L’arrestation et l’assassinat de trois vieillards civils touaregs par le militaire dans la région de Tezirzayt (faits entre temps confirmés par plusieurs sources, dont militaires au Niger), ainsi que des informations selon lesquelles plus de 250 personnes seraient portées disparues après des arrestations, ont entraîné le conflit vers l’escalade. En tant qu’attaque de représailles, les rebelles du MNJ ont attaqué le poste militaire avancé de Tezirzayt, ce qui a causé la mort de 17 soldats nigériens, 43 autres ont été blessés et plus que 70 ont été fait prisonniers. A l’issue de l’attaque, le MNJ a fait appel au Comité International de la Croix Rouge (CICR) pour la prise en charge des prisonniers blessés. Le 25 juin, 30 des plus grièvement atteints ont été libérés et remis a une délégation du CICR pour les conduire à l’hôpital d’Arlit.
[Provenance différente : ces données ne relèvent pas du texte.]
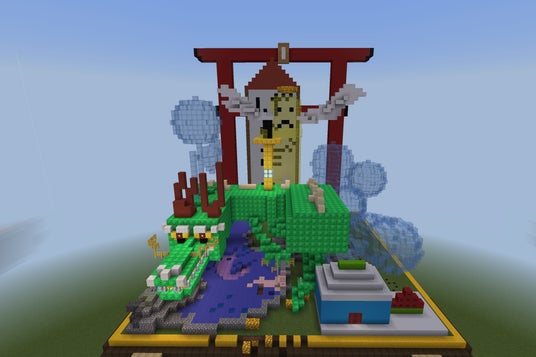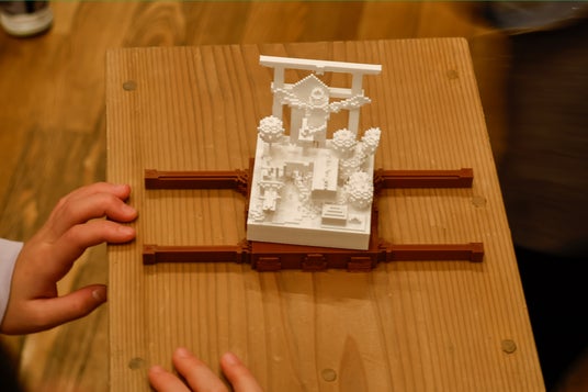 参加した子どもたちは、伝統的な御輿文化を基盤としながら、教育版マインクラフト上で独自のデザインを構築。これらのデジタルデータをもとに3Dプリンタで立体作品として出力し、展示しました。

En dépit de l’attention internationale, que ces évènements ont attirés au cours de ces dernières semaines, le gouvernement nigérien continue de qualifier les rebelles de « bandits armés » et « trafiquants de drogue ». Il refuse d’admettre l’existence d’une nouvelle rébellion touarègue et leur organisation MNJ, qui – selon le site internet du mouvement – s’engage pour que justice soit faite à tous les nigériens, toutes ethnies confondues. Conformément à ce crédo, de nombreux individus non-touaregs ont rejoint les rangs du MNJ.

En plus du refus du gouvernement d’admettre une nouvelle rébellion, la presse est soumise à une censure active : le 1er juillet, le bimensuel indépendant d’Agadez, Aïr Info, a été suspendu pour 3 mois pour ses articles sur les évènements. Trois autres journaux privés de Niamey ont été mis en garde.

Les rebelles touaregs ont signalé à plusieures reprises leur ouverture au dialogue avec le gouvernement, mais sous condition que celui-ci accepte leur organisation MNJ en tant que mouvement rebelle.

Plusieurs fois, des informations (jusque-là non confirmés pourtant) ont circulé, selon lesquelles le gouvernement nigérien aurait demandé le soutien militaire d’autres pays. Le dernier cas a été cité par le MNJ le 3 juillet sur son site internet, stipulant que le Président Mamadou Tandja voulait se procurer des hélicoptères du type M-24 de l’Ukraine pour attaquer les postes du MNJ.

Les raisons pour le conflit sont à chercher dans la discrimination persistante des régions du nord, ainsi que dans l’exploitation et prospection des importants gisements uranifères dans l’Aïr (surtout par des sociétés françaises et chinoises), qui représentent un danger de santé pour la population locale et pour l’environnement. Sous la médiation de la France, de l’Algérie et du Burkina Faso, le dernier soulèvement armé des touaregs a été achevé en 1995 par des accords de paix entre les rebelles et le gouvernement. Cet accord prévoit, entre autre, une décentralisation administrative et militaire du pays entier, ainsi qu’une augmentation des investissements dans la région du nord, surtout dans le secteur éducatif et la médicalisation de base. D’autre part, certains droits d’autogestion ont été accordés aux populations du nord, majoritairement composées de touaregs. Selon le MNJ, ces promesses, faites dans les accords de paix de 1995, n’ont été tenues que ponctuellement ou pas du tout par le gouvernement.